Чтоб в груди дрожали жизни силы…6
И этот отдых он находит в вечно юной природе. Пейзаж становится на первом плане, историческая живопись мало-помалу бледнеет, выбиваясь из сил, религиозная эпоха не вдохновляет, да и никакая историческая эпоха не вдохновляет, художник устал от истории, как само общество устало от истории. Но мне недостаточно природы, говорит другой художник, мне надо живых людей, святые умерли, дайте мне грешных, но живых людей. И вот историческая живопись переходит в genre {Жанр (фр.).— Ред.}. Художник переносит на полотно наглядную действительность и старается придать своему произведению поразительную верность, мелочную оконченность.

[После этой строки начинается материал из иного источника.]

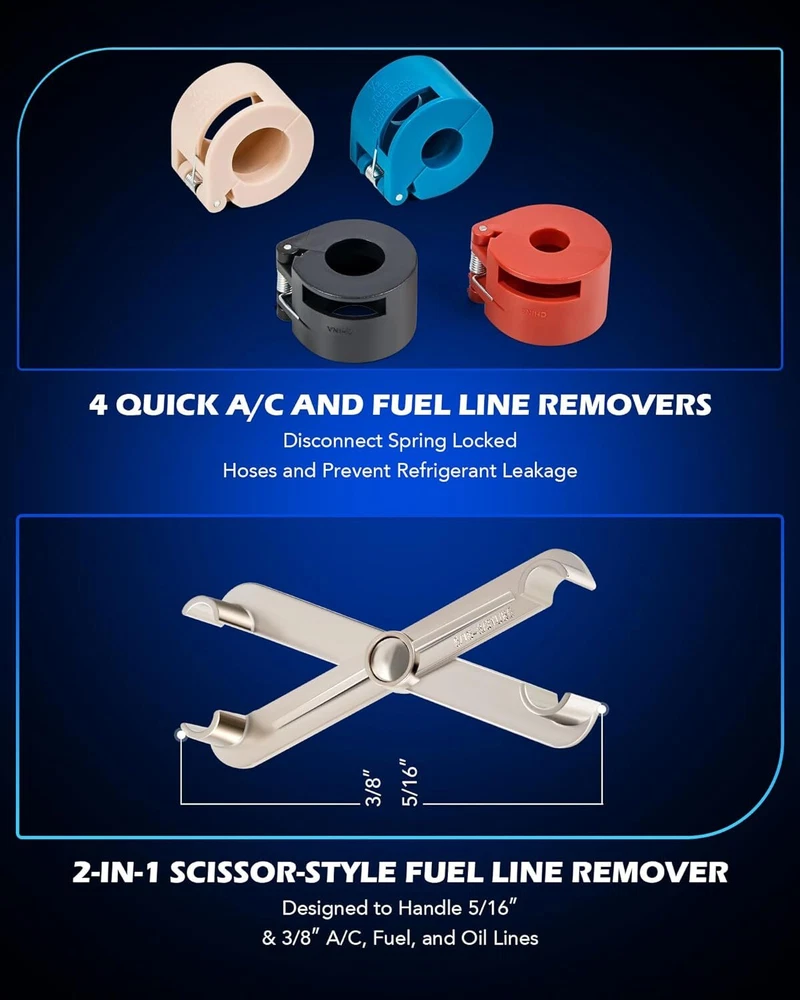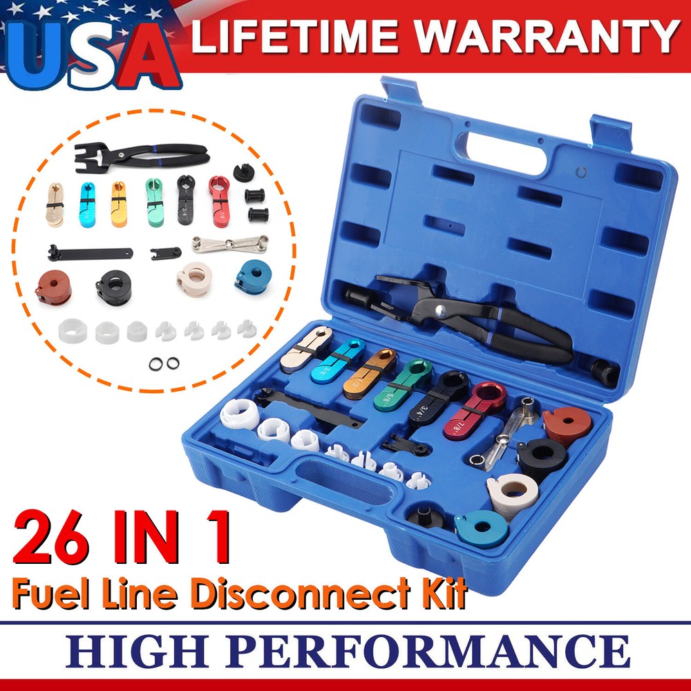 Master Quick Disconnect Tool Kit, 26pc Fuel Line Disconnect Tool Set with Fuel and AC Disconnect Pliers, Fuel Line Removal Tool Set for AC Fuel & Transmission Systems, Blue About This Item: Lifeince Best choice of motor parts Quick Disconnect Kit Fuel Line AC Transmission Clutch Oil Cooler Fitting Release Master Quick Disconnect Tool Kit, 26pc Fuel Line Disconnect Tool Set with Fuel and AC Disconnect Pliers, Fuel Line Removal Tool Set for AC Fuel & Transmission Systems, Blue About This Item: 【Disconnect Fuel Line with Ease 】: master quick disconnect tool set offers a comprehensive solution for easily disconnecting automotive AC hoses and fuel lines, compatible with various domestic vehicles, including Ford, Chevy, Dodge, and more. 【Complete Repair Kit】 : This fuel line disconnect tool kit includes 6 aluminum clip removers, 7 fuel line removers, 4 spring lock removers, 2 oil cooler line removers, a scissor-style disconnect tool, extra fuel line and AC disconnect pliers, along with other necessary accessories. All tools are provided in commonly needed SAE sizes to cover your versatile repair needs. 【Fuel and AC Disconnect Pliers】 : Effortlessly disconnect and reconnect AC and fuel lines, even in hard-to-reach areas. The extended handle provides extra leverage, while the dual fork openings make handling both single and two-step collar connector lines a breeze. 【User-Friendly Precision】 : Color-coded for easy identification, our disconnect tools seamlessly handle quick detach and spring lock connections; and custom-purpose tools also cover the unusual requirements of late-model For GM trucks, For Fords with automatic transmissions, and the special tubing in For Rangers 4.0L V6 and For Explorers 4.0L V6 . 【Durable & Convenient】 : Crafted from anodized aluminum, steel, and plastic, this fuel line disconnect kit is designed to withstand tough usage. The included blow-molded case keeps all components organized and facilitates easy storage and transportation. Package include: (As the picture shown) 1x Fuel Line and AC Disconnect Pliers 1x Scissor-Style Disconnect Tool 6x Aluminum Clip Disconnect Tools 4x Spring Lock Disconnect Tools 7x Plastic Clip Disconnect Tools 1x Fuel Line Tool For Ford 4L V6 1x AT Oil Cooler Line Tool 1x Oil Cooler Line Tool for GM Trucks 2x Rubber Bands 2x Rubber Inserts 1x Portable Case Frequently Asked Questions: Where is my item? All items are shipped out within 1 business day after full payment has been cleared. You can find the tracking number on your ebay account after shipment. Why hasn't the tracking number been updated? The automated email from Ebay system means your order has been processed but does not mean it has been shipped out. It may take up to 24 hours for the system to update. I purchased by mistake, how do I cancel the order? Please contact us ASAP. If the item has not been shipped out we can cancel the order for you. If the item was shipped out, please help to refuse the package and send us a message so we can refund full after receive the returned package. I received your item but it does not fit or is defective Please contact us so we can assist you on the matter. I tried to contact you, but cannot reach anyone. Our officer hours are 9:30AM - 5:30PM PST Monday - Friday. Emails are the best way to contact us and will reply to you within 24 hours. Item Specifics Brand Unbranded MPN Does Not Apply Type Fuel Line Disconnect Kit Set or Single Item Set Manufacturer Part Number Does Not Apply Lifetime Over 50000 Hours About after-sales Money back or replacement(Buyer's choice) Set include 1x Fuel Line and AC Disconnect Pliers Bundle Description 26 in 1 Fuel Line Disconnect Kit Payment We accept Payoneer/Paypal/Google Pay/Visa/Master Card/Amex/Discover for Payment Payment must be received within 7 business days of auction closing. We ship to ebay's address only. Please make sure your address in EBAY is matched with your shipping address before you pay. TOTAL AMOUNT DUE includes the final auction price plus S&H (Shipping and Handling). S&H will be determined based upon the ship to address. Shipping Order will be handled within 1 working days( Excluding Weekends and Public Holidays) after your payment clear. We ship to Order Detail confirmed address ONLY. Transit times are provided by the carrier, exclude weekends and holidays, and may vary with package origin and destination, particularly during peak periods. Please obtain the RMA number & returned address for any return items. Return items MUST have all ORIGINAL packaging and accessories. We will replace items which are malfunctioning, for 60 days from the date you received.Items which have physical abuse are not covered by the warranty. Returns How to send a return request: Attention: Please contact us via ebay message like the way shown above before starting a return request, so we can deal with your issue quickly and efficiently. 1.Return this item. 2. Select a reason: please choose"It's the wrong size or doesn't fit" 3. 60 days Warranty from the date of purchase covering manufacturing defects, but doesn't cover items that have seen abused, burned and damaged in any form.Please contact us if you have NOT received item beyond 5 working days, we will check it with post office and resend any missing item. 4. If you return an item purchased from us, it must be back in Factory Condition. This includes packaging, inserts, manuals etc. Please allow up to 5 Working Days for us to process your returned item.Thanks! Contact Us If you return an item purchased from us, it must be back in Factory Condition. This includes packaging, inserts, manuals etc. Please allow up to 5 Working Days for us to process your returned item.Thanks! Please use the link "Ask the Seller Question" or send "eBay message" in you "My eBay" to contact us if you have problems, special requests or suggestions, we are very glad to help you anytime. we will reply you within 24 hour. Quick Disconnect Kit Fuel Line AC Transmission
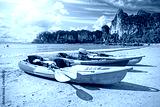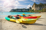 Kayaks on tropical beach, active holidays concept, Railay Beach, Thailand.
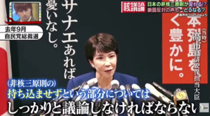 非核三原則は、もう古いよ。使わないけど、持ちましょうよ。なんて高市さんが言ったら大変なことになるんだろーな。まぁ
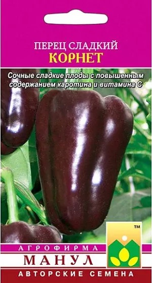 Семена Перец Корнет - урожайный, раннеспелый сорт: от всходов до технической спелости 105-115 дней, до биологической — 140 дней. Куст полудетерминантный, сильнорослый, слабооблиственный, высотой 120-160 см. в пленочных теплицах, и 180-200 см. — в зимних обогреваемых теплицах. Плоды пониклые, призмовидные, массой 180-220 гр., размером 8×7 см, трехкамерные, в технической спелости темно-зеленые, в биологической — коричневые; толщина перикарпия 5-6 мм.
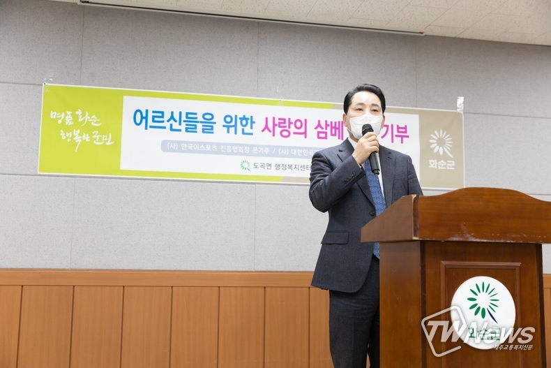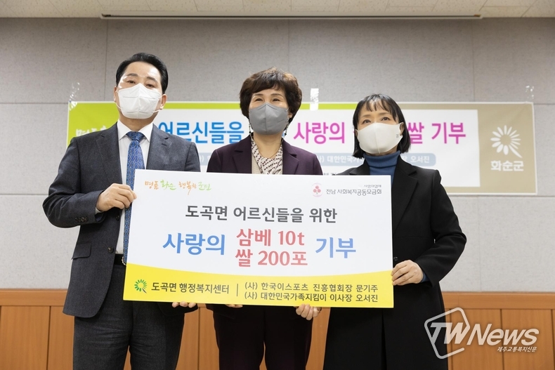[제주교통복지신문 신혜정 기자] ㈔한국e스포츠진흥협회 문기주 총회장과 ㈔대한민국가족지킴이 오서진이 이사장이 17일 문 총회장의 고향인 전남 화순군 도곡면을 방문해 삼베 원단과 쌀을 기탁했다.

Еще явилась было светлая эпоха светлой народной жизни освобожденного народа, и фламандская школа произвела genre, который был чистым выражением добродушной, свободной народности. Она не искала genre, она не убегала в него от внутренних страданий <как> в какой-то обманчивый приют,— нет, она жила общественной жизнью, ей надо было высказать смеющееся счастье свободного общества, художник дышал этим счастьем, ему надо было просто рассказать его, а не придумывать себе на утешение, или для занятия собственной праздности. Но не то в нашем мире.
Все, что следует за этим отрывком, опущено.